Prima di due puntate
PREGANZIOL (Tv). Dal nostro inviato
Roba fine, di qualità. Chi c'è stato raccomanda Wok-Sushi perfino via chat, cantando le lodi dei cuochi che ti spadellano i piatti "a vista". Scegli tu, paghi il giusto.
Tutto vero. Marco e Maria, coppia di cinesi quarantenni immigrati negli anni Ottanta dalla povera (ai tempi) Wenzhou, provincia dello Zehjiang, via Parigi, gestiscono ristoranti a buffet di successo. Come questo, immerso nella quiete di Preganziol, 17mila abitanti, a pochi minuti da Treviso. Dopo quello di Cadoneghe (Padova), è stato il secondo locale. La fama della catena Wok-Sushi, ambiente elegante e pulito, ha varcato i confini veneti, fino alla Chinatown milanese, uno dei perni (con Roma) della comunità cinese italiana e grosso hub delle merci all'ingrosso per l'Europa del Sud nonchè canale d'arrivo del pronto moda made in Prato. La prima ditta cinese, creata in Paolo Sarpi nel 1966, è ancora attiva. Zhou Mei, laoban (titolare, in mandarino) di un minimarket in via Giordano Bruno, garantisce: «Sì, è un ottimo posto. Te lo consiglio».
Rispetto all'inquieta Chinatown pratese, all'ipercinetica area di via Paolo Sarpi, a Milano, a Preganziol sembra di assistere a un altro film. Tutto sembra diverso, ovattato, come sotto controllo. Nomi italianizzati, passaporti di Pechino, Marco e Maria sono l'elite di una comunità in costante e silente ascesa, specie qui, nel Nord-Est, un'area in cui si stanno creando le premesse per la nascita di un'estesa ed economicamente salda comunità.

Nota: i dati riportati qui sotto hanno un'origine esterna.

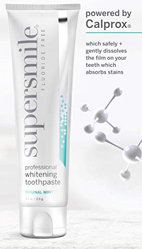 The Supersmile Professional Teeth Whitening Toothpaste removes stains with powerful whitening agents such as carbamide peroxide. Clinically proven to whiten teeth 6 shades on average and restores bonded teeth, veneers, caps, and dentures to their original shade.

La coppia di ristoratori sino-trevigiani è integrata, tenta perfino di convivere con la svolta leghista delle ultime amministrative. Niente carrellini a un euro a giro per trasportare merce all'ingrosso, come in via Paolo Sarpi, stivata in umide cantine. Niente fallimentari delocalizzazioni come quella del Girasole, a Lacchiarella, in pieno hinterland lombardo, che tante grane sta procurando alle tasche dei grossisti che hanno scelto di abbandonare il centro città. Niente sottoscala o capannoni con operai a cucire vestiti come a Prato, città a più riprese al centro dei controlli sulle imprese gestite da titolari cinesi.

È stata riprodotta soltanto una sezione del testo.